**DATASET CONTENT:**

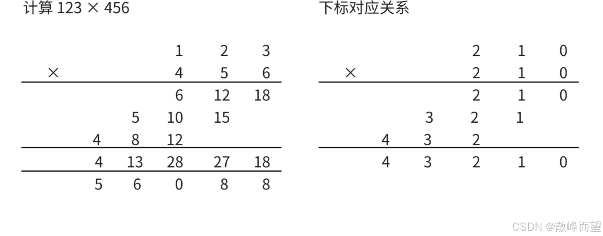 即可理解为下标 + 下标 = 对应下标相乘位置 => c[i + j] += a[i] * b[j]:
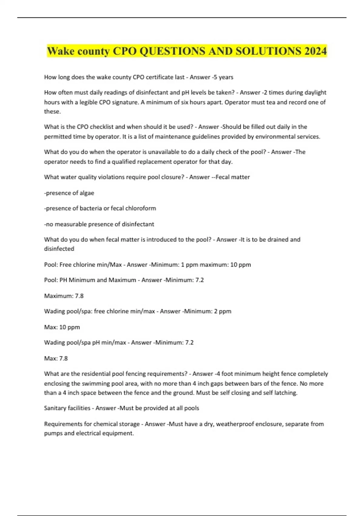 Wake county CPO QUESTIONS AND SOLUTIONS 2024 How long does the wake county CPO certificate last - Answer -5 years How often must daily readings of disinfectant and pH levels be taken? - Answer -2 times during daylight hours with a legible CPO signature. A minimum of six hours apart. Operator must tea and record one of these. What is the CPO checklist and when should it be used? - Answer -Should be filled out daily in the permitted time by operator. It is a list of maintenance guidelines provided by environmental services. What do you do when the operator is unavailable to do a daily check of the pool? - Answer -The operator needs to find a qualified replacement operator for that day. What water quality violations require pool closure? - Answer --Fecal matter -presence of algae -presence of bacteria or fecal chloroform -no measurable presence of disinfectant What do you do when fecal matter is introduced to the pool? - Answer -It is to be drained and disinfected Pool: Free chlorine min/Max - Answer -Minimum: 1 ppm maximum: 10 ppm Pool: PH Minimum and Maximum - Answer -Minimum: 7.2 Maximum: 7.8 Wading pool/spa: free chlorine min/max - Answer -Minimum: 2 ppm Max: 10 ppm Wading pool/spa pH min/max - Answer -Minimum: 7.2 Max: 7.8 What are the residential pool fencing requirements? - Answer -4 foot minimum height fence completely enclosing the swimming pool area, with no more than 4 inch gaps
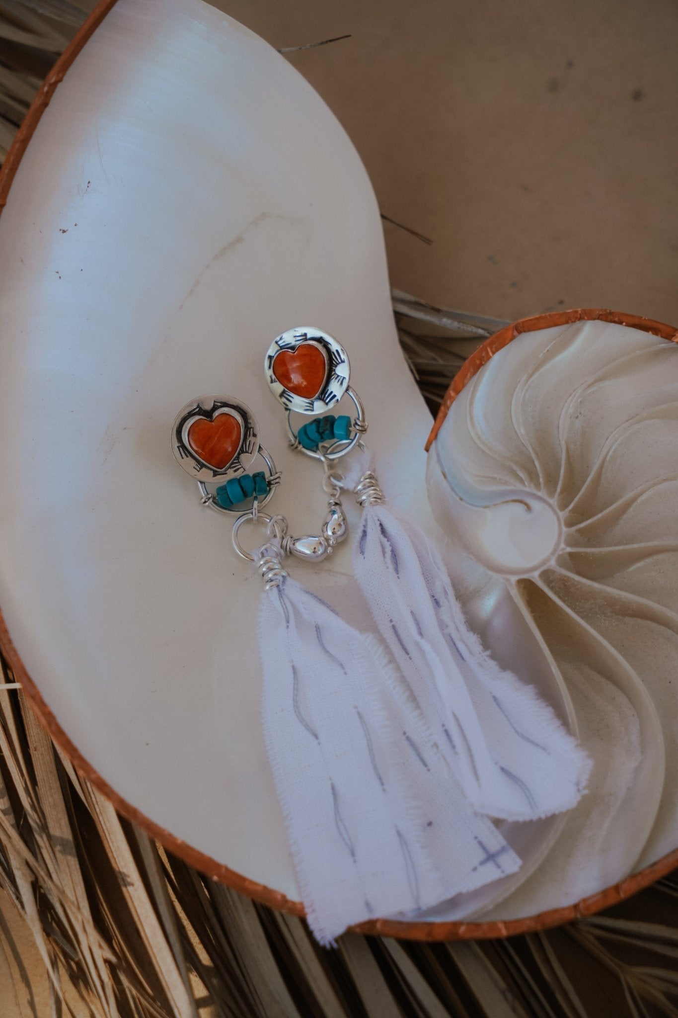 Need a new favorite pair of summer earrings?! We got you covered! We're loving these torn fabric tassles, the beads, the hand-stamped disc, and lovely Spiny Oyster hearts. Can't wait to see who ends up with these one-of-a-kind beauties!

**REQUIRED ACTION:** Write out the listing above exactly, images omitted.

**TASK RESPONSE:**
 即可理解为下标 + 下标 = 对应下标相乘位置 => c[i + j] += a[i] * b[j]:
 Wake county CPO QUESTIONS AND SOLUTIONS 2024 How long does the wake county CPO certificate last - Answer -5 years How often must daily readings of disinfectant and pH levels be taken? - Answer -2 times during daylight hours with a legible CPO signature. A minimum of six hours apart. Operator must tea and record one of these. What is the CPO checklist and when should it be used? - Answer -Should be filled out daily in the permitted time by operator. It is a list of maintenance guidelines provided by environmental services. What do you do when the operator is unavailable to do a daily check of the pool? - Answer -The operator needs to find a qualified replacement operator for that day. What water quality violations require pool closure? - Answer --Fecal matter -presence of algae -presence of bacteria or fecal chloroform -no measurable presence of disinfectant What do you do when fecal matter is introduced to the pool? - Answer -It is to be drained and disinfected Pool: Free chlorine min/Max - Answer -Minimum: 1 ppm maximum: 10 ppm Pool: PH Minimum and Maximum - Answer -Minimum: 7.2 Maximum: 7.8 Wading pool/spa: free chlorine min/max - Answer -Minimum: 2 ppm Max: 10 ppm Wading pool/spa pH min/max - Answer -Minimum: 7.2 Max: 7.8 What are the residential pool fencing requirements? - Answer -4 foot minimum height fence completely enclosing the swimming pool area, with no more than 4 inch gaps
 Need a new favorite pair of summer earrings?! We got you covered! We're loving these torn fabric tassles, the beads, the hand-stamped disc, and lovely Spiny Oyster hearts. Can't wait to see who ends up with these one-of-a-kind beauties!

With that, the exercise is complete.